Over the summer, along with nine other amazing people across the country, I was named a 2023 BJC Fellow. It is a tremendous honor to be a part of such a select group of scholars, practitioners, and community leaders of diverse educational, professional, and religious backgrounds. BJC Fellows Program involved a 5-day seminar in Colonial Williamsburg, where we explored the legal, theological, and historical underpinnings of religious freedom and returned to our local contexts with a more robust understanding of BJC’s “faith, freedom, for all” motto.

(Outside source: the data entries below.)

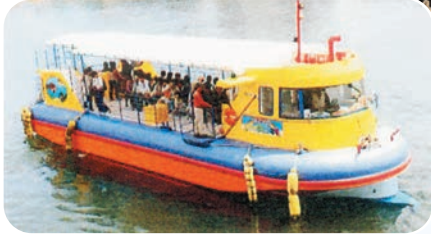
半潜水艦式観光船にじいろさかな号。 荒天のため乗船できず、とても残念～！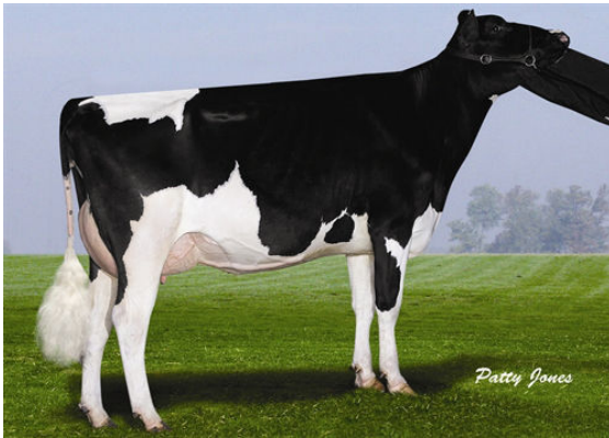
WHITTIER-FARMS HE REBECA FIFTH DAM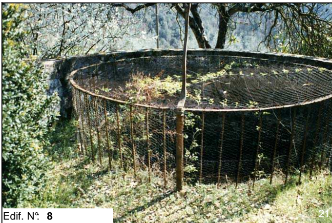
Edif. N° 8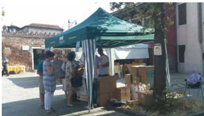
Il gazebo a Murano

Differenziata tutti i giorni, il sistema sarà esteso tra breve anche a Venezia

Through lectures from BJC staff, interactions with scholars and interpreters, and touring the historical sites, we were immersed in the vital place of Colonial Williamsburg in the early days of VA Colony. We also learned of religious communities’ struggles, challenges, and triumphs, especially the Baptists oppressed by the Anglican Church in VA, which energized and inspired figures like Thomas Jefferson and James Madison to take steps toward alleviating the pain and suffering of these communities. This, in turn, influenced religious freedom to be recognized, internalized, and ratified in the state and the nation.
As a result of this experience, we must approach “faith, freedom, for all” from a “one for all, all for one” point of view for those harassed, persecuted, and imprisoned because of living their lives according to their conscience. With this understanding, we can collectively inform, partner, and advocate for religious freedom for all challenged and mistreated because of their religious beliefs and identities. More recently, there have been additional threats, too.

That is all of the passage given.